Angry Birds 2 review: manic, feather-brained fun – but will anyone give a flying finch?
Dir: Thurop Van Orman, starring: Jason Sudeikis, Danny McBride, Josh Gad, Bill Hader, Rachel Bloom, Leslie Jones, Peter Dinklage (voices), U cert, 96 minutes
Back when summers were tolerable and politics boring, Angry Birds was the hottest thing in avian-based personal entertainment. But it’s now 10 years since the video game from Finnish start-up Rovio dropped from the clear blue sky and onto our smart-phones. The world has moved on, making this sequel to the first Angry Birds movie, a surprise £280 million hit in 2016, feel like a curio catapulted in from a simpler time.
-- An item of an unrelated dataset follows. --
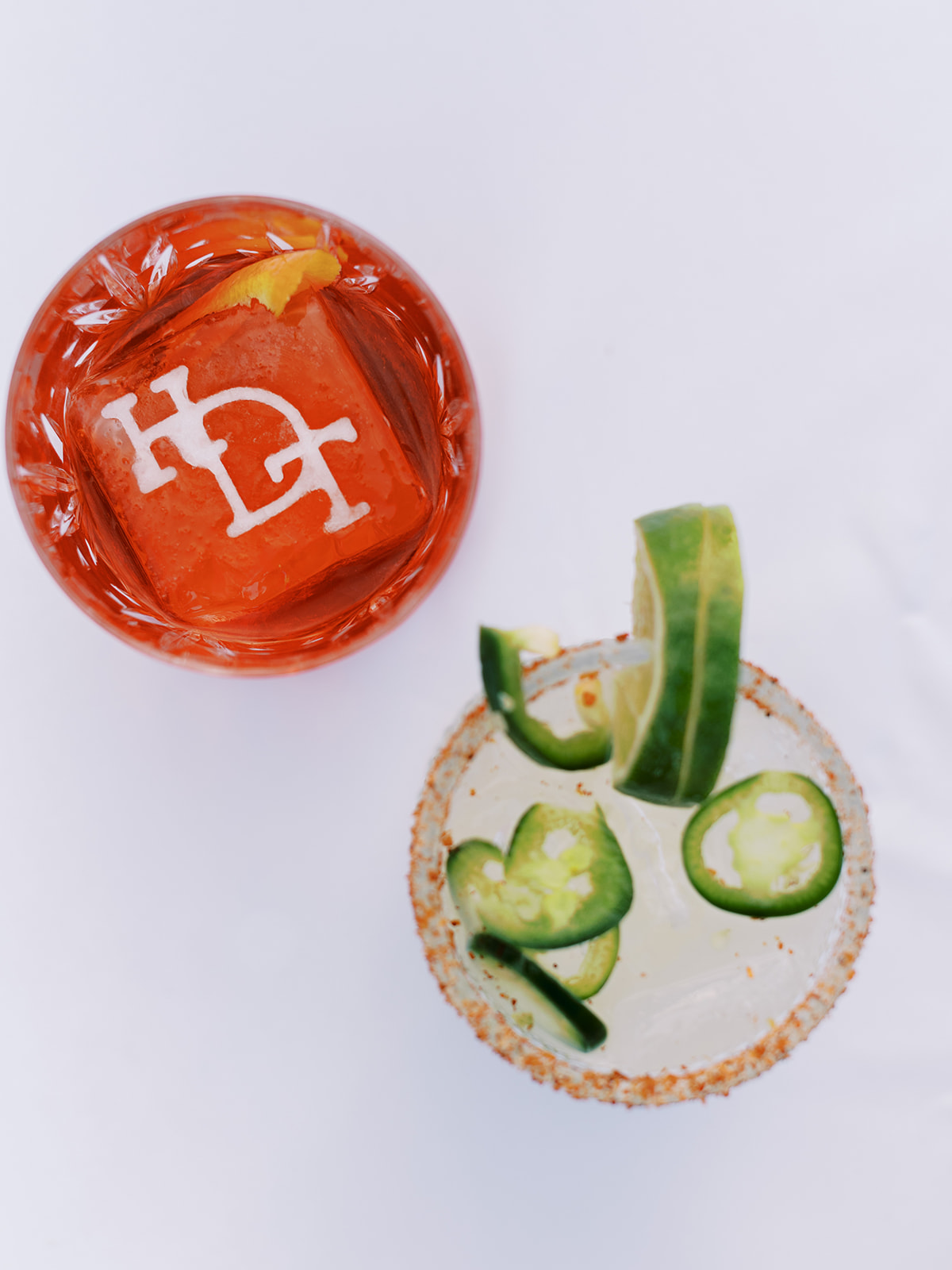 If you’re looking for a fun way to enhance your wedding, consider Full Spectrum’s custom cocktail ice cubes. Each cube is typically engraved with 1-3 initials of your choice, adding a fun and personal element to each drink you serve. These custom cubes pair especially well with a luge or ice bar. Whether you choose you and your fiance’s first initials, or the first letter of your new shared last name, these cubes are sure to be a hit!

The original Angry Birds was an old-fashioned and cheerily derivative mash-up of Shrek and Toy Story. Misunderstood Red – crotchety and with those off-putting Gallagher Brother eye-brows – became an accidental hero when grunting green pigs tried to conquer Bird Island and he was the only one to notice. It was slight but funny and, as Red, Jason Sudeikis made for an appealing anti-hero – the archetypal sourpuss with a heart of gold.
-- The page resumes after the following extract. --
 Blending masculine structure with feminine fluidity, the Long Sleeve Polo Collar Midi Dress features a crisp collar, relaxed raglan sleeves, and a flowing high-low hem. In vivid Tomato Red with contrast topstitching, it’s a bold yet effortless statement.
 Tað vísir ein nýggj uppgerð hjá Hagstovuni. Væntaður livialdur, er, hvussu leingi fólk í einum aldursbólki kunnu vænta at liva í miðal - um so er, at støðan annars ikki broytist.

The sequel, overseen by Cartoon Network director Thurop Van Orman, alas lacks a pressing reason to exist. It is pleasantly manic while its vividly bright colours, swirling like a party pack of Smarties upended over your head, will appeal to your own little birds. Yet it misses the curmudgeonly charms of its predecessor, and suffers from the diminishing allure of a video game brand too old to feel fresh, too recent to be wistful for.
Red and sidekicks Bomb (Danny McBride) and Chuck (Josh Gad – aka Olaf from Frozen) are once again waging catapult-based war on their porcine foes. But then a third island drifts into view spewing destructive volleys of ice. It’s time for Red and pig leader Leonard (Bill Hader) to set aside their differences and tackle their common enemy.
That enemy turns out to be romantically-embittered eagle Zeta (Ghostbusters/Saturday Night Live star Leslie Jones). In the Angry Birds version of the Nineties, she was jilted by cowardly Mighty Eagle (Peter Dinklage). Now she’s back and seemingly set on revenge.
Sudeikis’s Red has romantic issues of his own when he is forced to partner up with Chuck’s brainy sister Silver (Rachel Bloom). We get a meet-cute with feathers as they initially cannot abide one another yet quickly strike up a spark.
Angry Birds 2 features easily-missed voice cameos from Nicki Minaj, Tiffany Haddish and tween icon JoJo Siwa. Van Orman bungs in some spiky gags too, including a TV show called “Twin Beaks” and a bestseller titled “Crazy Rich Avians”.
Kids are catered for with super-sized servings of slapstick. But the grumpy chemistry of the original is conspicuously absent as Red undergoes an unconvincing transformation from frowning introvert to romantic lead. There is also the awkward question of whether, in this era of Fortnite and Detective Pikachu, anyone under the age of nine gives a flying finch for Rovio’s shiny, flappy franchise.